Из лесу понатащили сюда берёзовых стволов и веток, приволокли несколько пней, и зал превратили в аллею, на электрическую лампу набросили красную тряпицу — получился очаг. Спрятанный в каком-то углу этого новоявленного леса магнитофон доносит до нас старые песни про родину и про врага. И это лучше, чем находиться в настоящем лесу, потому что здесь нет паутины и мошкары. А вот фото Манолиса Глезоса, и это тоже лучше, чем если бы перед нами стоял живой Манолис — потому что это и Манолис и в то же время отсутствие фашизма. А вот и я, и это тоже хорошо, потому что меня как будто нет. Двое влюблённых сейчас начнут целоваться в этом декоративном березняке — а вот это уже противно, потому что мужчина лыс, и не верится, чтобы он околдовал девушку… Надо быть полководцем, отдать свой талант родине, и пусть другие возьмут на себя маленькие заботы касательно чистоты твоих ботинок и твоей кухни…
— Привет, старина.
— Здравствуй, старик.
Эти ковры удобны, и мягкий снег за окном — тоже, удобны мраморные ступени, удобна эта сухая ласка обуви. Удобны Паустовский, скандинавская печаль и английская королева Елизавета.

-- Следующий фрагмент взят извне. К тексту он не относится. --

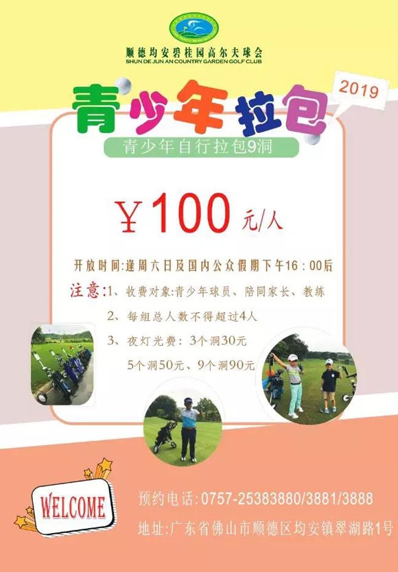 100元!顺德均安碧桂园高尔夫青少年自行拉包9洞
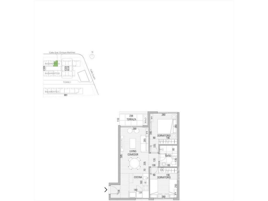 Living comedor con terraza, cocina integrada con placares bajo y sobre mesada, campana y previsión para conexión de lavarropas, 2 dormitorios, 1 baño.

На влюблённых в березняке смотреть невозможно, потому что у девушки толстые, как у школьницы, колени, а мужчина лыс, и тут не может быть речи о любви, и это уродливо. Поимей совесть, поимей совесть и признайся себе, что девушка очень недурна, но это уже другое поколение, и девушки этого поколения должны принадлежать юношам своего поколения, и это единственная правда, потому что все остальные случаи пахнут тайным воровством или отдают наглым грабежом.